The budget for rail enhancements has been reduced by another £500M, as the government again delays the publication of an updated Enhancements Pipeline. The Network Rail May 2021 Update shows the budget for rail enhancements is now £8.9bn, a £1.5bn reduction from the original £10.4bn settlement for Control Period 6, which is confirmed in the ORR’s Final Determination. £1bn was slashed from the budget last year as the government said that schemes needed to be reassessed for a post-Covid world.

An updated Enhancements Pipeline was expected to be published before the parliamentary summer recess, which began at the end of last week. Network Rail Andrew Haines had even said that he believed the pipeline was “days away”, when speaking at the end of June. However, the pipeline will now not be published until September at the earliest when parliament reconvenes.
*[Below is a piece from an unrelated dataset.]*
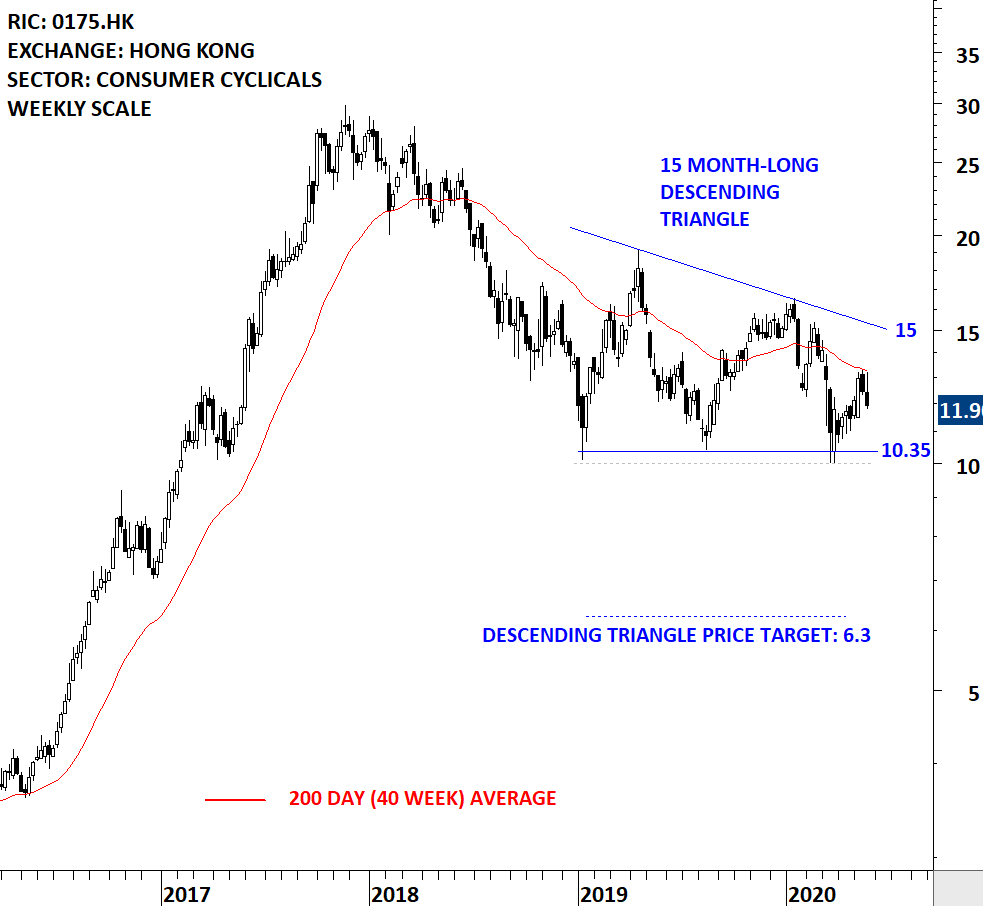 Geely Automobile Holdings Limited is an investment holding company principally engaged in automobiles. The major products include Emgrand electric vehicles (EVs), Emgrand grand luxury (GL), Geely GC9, Vision sports utility vehicles (SUVs), Emgrand grand super (GS), Geely Kingkong Series, Geely Boyue, Geely Panda, Free Cruiser, New Emgrand, Vision Series, among others. The stock is listed on the Hong Kong Stock Exchange. Price chart formed a 15 month-long descending triangle with the horizontal boundary acting as strong support at 10.35 levels. The horizontal boundary was tested several times over the course of the chart pattern. A daily close below 10.0 levels will confirm the breakdown from the 15 month-long descending triangle with the possible chart pattern price target of 6.3 levels. (Learn more: Video Tutorial)
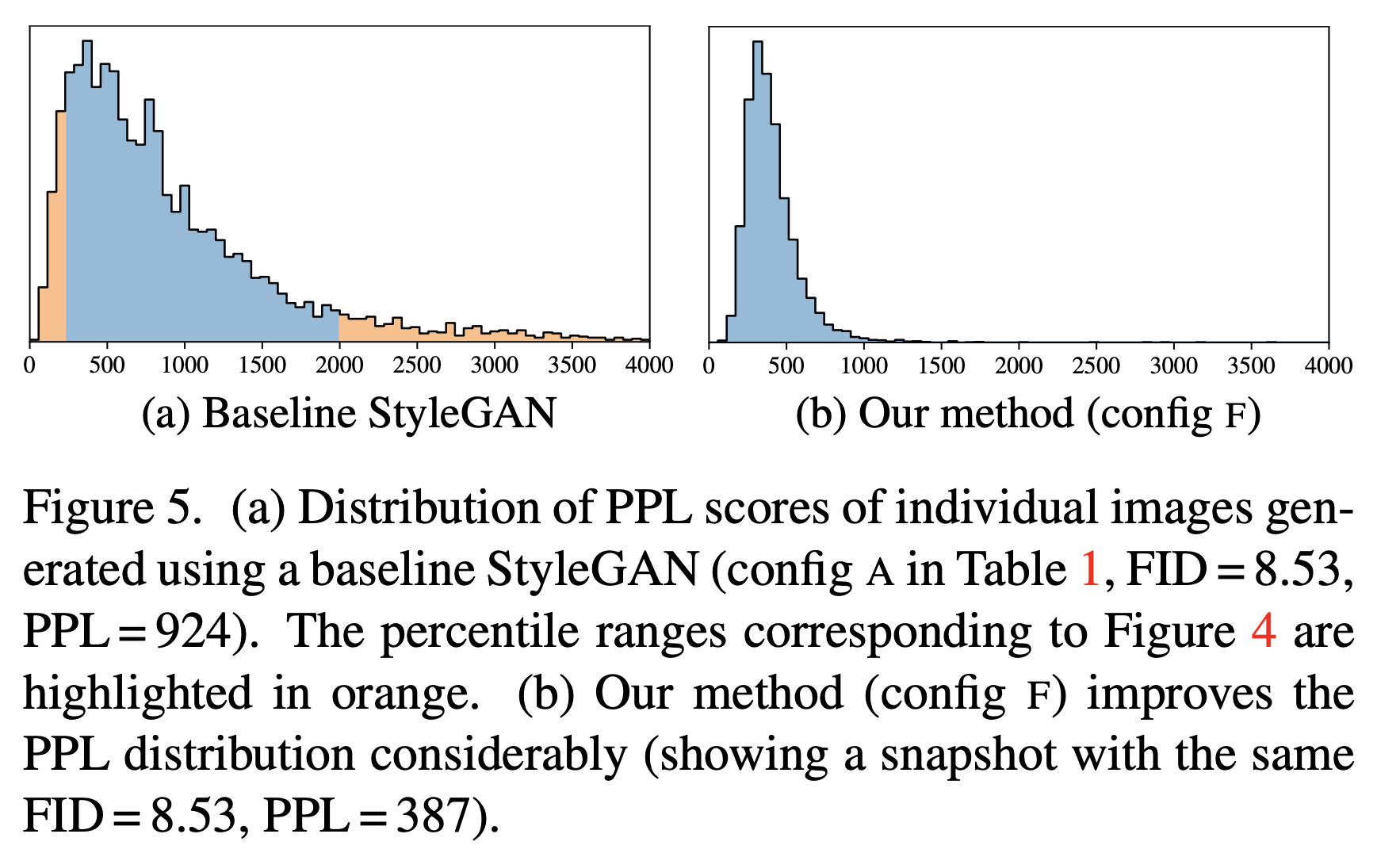 PPL의 분산을 살펴보자. 'PPL이 작다'라는 것은 생성이미지의 질이 좋다는 것이므로 StyleGAN2에서는 이미지의 질이 전반적으로 개선고 있음을 알 수 있다.

Railway Industry Association (RIA) chief executive Darren Caplan said that the “lack of certainty” threatens to hamper the industry. "Without seeing the details of enhancement schemes around the country, and the Government’s plan for the railways in the north and midlands, rail suppliers of all types and sizes simply will not be able to prepare their teams, resources and business plans over the summer,” Caplan said. “This lack of certainty and visibility makes it more difficult to build and enhance the UK’s railway network as efficiently and cost-effectively as it otherwise could.”

He added: “We sympathise with the Government on the difficult impact the Coronavirus pandemic has had on budgets, yet we are simply seeking certainty and visibility on what the Government intends to do. This ‘summer of uncertainty’ will not help rail suppliers as they seek to deliver a world-class railway network to the timescale and budget the Government wants for the years ahead.”

When first unveiled in 2019, the pipeline included 58 proposed enhancement projects. The DfT had pledged to update the pipeline on a yearly basis but it has now been more than 20 months since it did so.

In September, Network Rail System Operator managing director Paul McMahon told a Westminster Policy Forum that schemes in the pipeline were being reassessed to see if they were still “justified” in light of the pandemic-driven fall in passenger numbers.